In the side-by-side comparison above, you’ll notice that in the CausalSelfAttention class, PyTorch requires an __init__ method to initialize all layers and a forward method to define the computations, commonly known as the “forward pass.” In contrast, Flax offers a more concise approach: you can utilize the @nn.compact decorated __call__ method to initialize the layers inline and define the computations simultaneously. This results in a significantly shorter and more concise implementation in JAX/Flax compared to PyTorch.

To facilitate a smoother migration from PyTorch to JAX/Flax, Flax introduces the setup method, which serves as the equivalent of __init__. With setup, you can initialize all layers and use the __call__ method (without the @nn.compact decorator) to perform the forward pass. This methodology will be demonstrated when defining the GPT class below. Please note that the behavior of nn.compact isn’t different from using the setup function; it is merely a matter of personal preference.
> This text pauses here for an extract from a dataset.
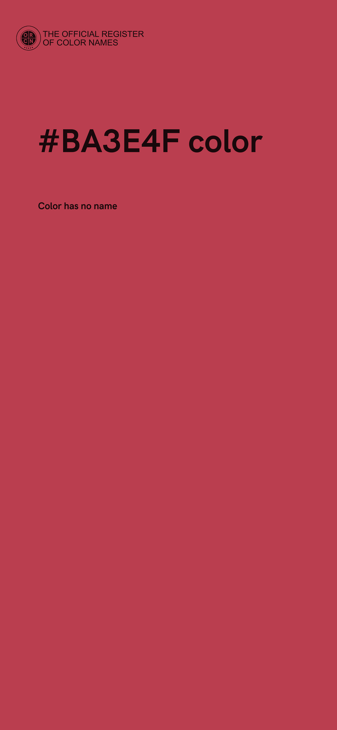 The digital color HEX #BA3E4F belongs to the Red Color Family featuring Moderate Saturation (Saturation Family) and Light (Brightness Family).

Another notable difference is that while PyTorch requires specifying both input and output shapes for layers, Flax only requires specifying the output shape, as it can infer the input shape based on the provided input. This feature is particularly useful when the shapes of the inputs are either unknown or difficult to determine during initialization.

Defining the GPT model#

Once the CausalSelfAttention class is defined, we’ll proceed to define the MLP class and combine these two classes into a Block class. Subsequently, within the primary GPT class, we’ll integrate all these elements—embedding layers, blocks comprising attention and MLP layers, and the language model head—to construct the GPT model. Notably, the Block layer architecture will be repeated n_layer times in the GPT model. This repetition facilitates hierarchical feature learning, enabling the model to capture various aspects of the input data at different levels of abstraction, and progressively capturing more intricate patterns and dependencies.

PyTorch JAX/Flax
class MLP(nn.Module):
    def __init__(self, config):
        super().__init__()
        self.c_fc = nn.Linear(config.n_embd, 4 * config.n_embd, bias=config.bias)
        self.gelu = nn.GELU()
        self.c_proj = nn.Linear(4 * config.n_embd, config.n_embd, bias=config.bias)
        self.dropout = nn.Dropout(config.dropout)

    def forward(self, x):
        x = self.c_fc(x)
        x = self.gelu(x)
        x = self.c_proj(x)
        x = self.dropout(x)
        return x


class Block(nn.Module):
    def __init__(self, config):
        super().__init__()
        self.ln_1 = LayerNorm(config.n_embd, bias=config.bias)
        self.attn = CausalSelfAttention(config)
        self.ln_2 = LayerNorm(config.n_embd, bias=config.bias)
        self.mlp = MLP(config)

    def forward(self, x):
        x = x + self.attn(self.ln_1(x))
        x = x + self.mlp(self.ln_2(x))
        return x


class GPT(nn.Module):
    def __init__(self, config):
        super().__init__()
        assert config.vocab_size is not None
        assert config.block_size is not None
        self.config = config

        self.transformer = nn.ModuleDict(
            dict(
                wte=nn.Embedding(config.vocab_size, config.n_embd),
                wpe=nn.Embedding(config.block_size, config.n_embd),
                drop=nn.Dropout(config.dropout),
                h=nn.ModuleList([Block(config) for _ in range(config.n_layer)]),
                ln_f=LayerNorm(config.n_embd, bias=config.bias),
            )
        )
        self.lm_head = nn.Linear(config.n_embd, config.vocab_size, bias=False)
        self.transformer.wte.weight = self.lm_head.weight

        # init all weights
        self.apply(self._init_weights)
        # apply special scaled init to the residual projections, per GPT-2 paper
        for pn, p in self.named_parameters():
            if pn.endswith("c_proj.weight"):
                torch.nn.init.normal_(
                    p, mean=0.0, std=0.02 / math.sqrt(2 * config.n_layer)
                )

        # report number of parameters
        print("number of parameters: %.2fM" % (self.get_num_params() / 1e6,))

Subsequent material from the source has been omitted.